December 23, 2020 / Ninth Circuit Public Information Office


By William Cracraft

There are a number of sentence mitigation programs in the Ninth Circuit and we found some heartwarming stories where individuals were headed for jail time but were saved by these programs, the commitment of federal defenders, pretrial and probation officers, and their own hard work. They’ll be spending the holidays with family, as a result.

RISE – District of Nevada
Fanny Salas had her charges dropped, avoiding time in a federal prison. She had been arrested, charged with distribution of a controlled substance, and pled to a deal that put her in the RISE (Recovery, Inspiration, Support and Excellence) program instituted by the United States District Court for the District of Nevada.

“I got into the RISE program after sentencing,” said Salas, who lives in Las Vegas. “They gave me the chance to get out and do probation under the circumstances that I follow the program.”

RISE is a post-plea/pre-adjudication program started in 2019 wherein the participant enters a negotiated guilty plea and his/her sentencing is held in abeyance while completing a substance use disorder program. If successful, the participant has their charges dismissed. If the participant fails to complete the program, they face sentencing from the RISE judge. The program lasts 1-2 years, and one of its principles is a “non-adversarial approach, in which the prosecution and defense counsel promote public safety while protecting the right of the participant to due process,” according to the brochure. The program has seven currently enrolled and two graduates, including Salas.

Salas was offered the chance to enroll in RISE by her pretrial services officer, Samira Barlow. “We were pretty much the guinea pigs of the program which allowed us to test trial the program here in Nevada, and they offered me the program because they saw that I had no prior felonies on my record,” Salas said.

Once in the program, the rules were clear: “staying clean and not getting in trouble,” said Salas. “We had monthly meetings with the parole officer, and we had drug tests. The program would have been a year, but with COVID, it got really hard to actually attend court, so we decided to attend court online.”

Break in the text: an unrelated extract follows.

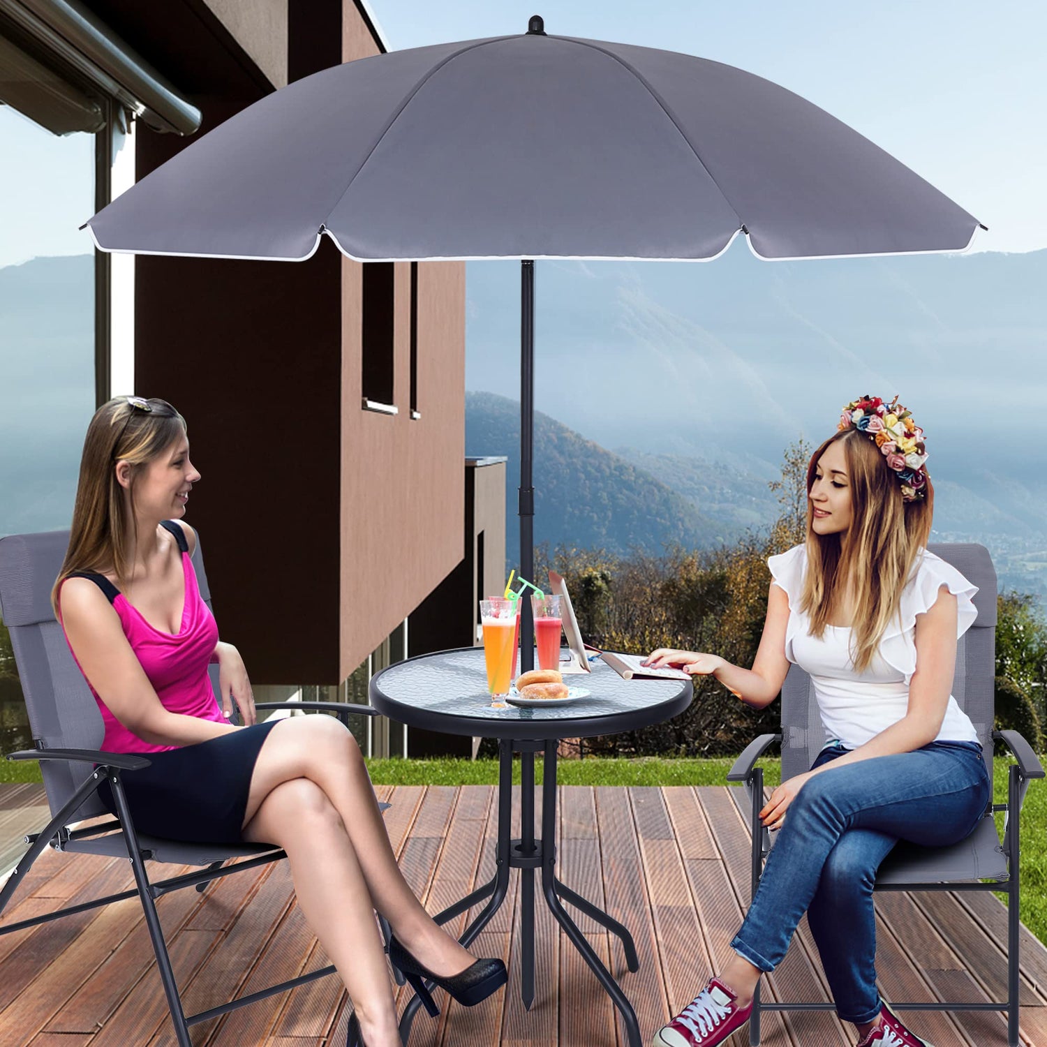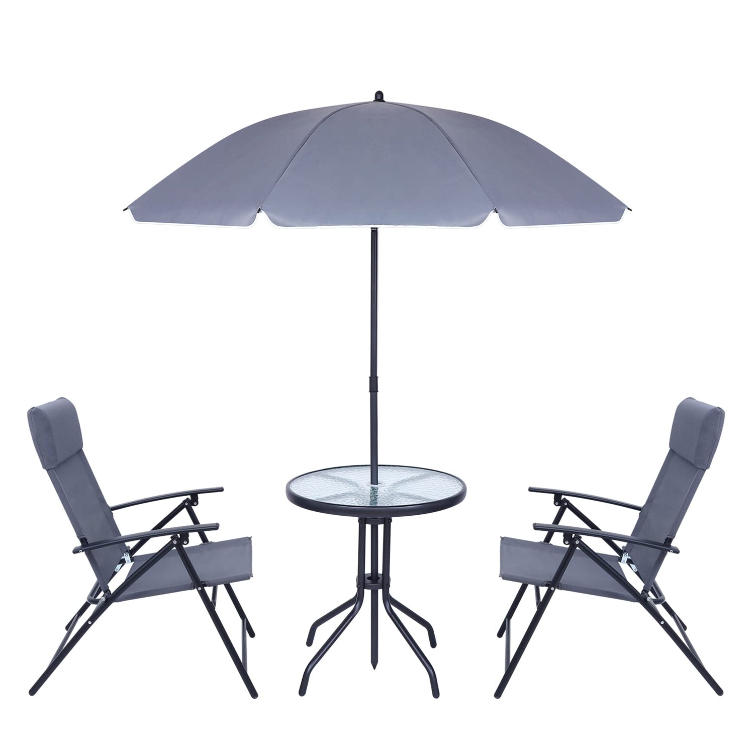 JOYTIO 4 Piece Patio Dining Set, Outdoor Garden Furniture Bistro Set with Tilted Removable Umbrella, 2 Folding Chairs, and Round Glass Table (Grey)

Salas was also required to be employed. “I already had a job,” Salas said, “but I was very unhappy with it. They helped me get my OSHA 10 certification (OSHA Outreach 10-Hour Training Online for Construction) which they actually paid for themselves. I’m still looking into getting a construction job – that’s the first certification for going into construction. Throughout the whole course of me being in the program, they just made sure that I was happy and that I was doing everything for myself.”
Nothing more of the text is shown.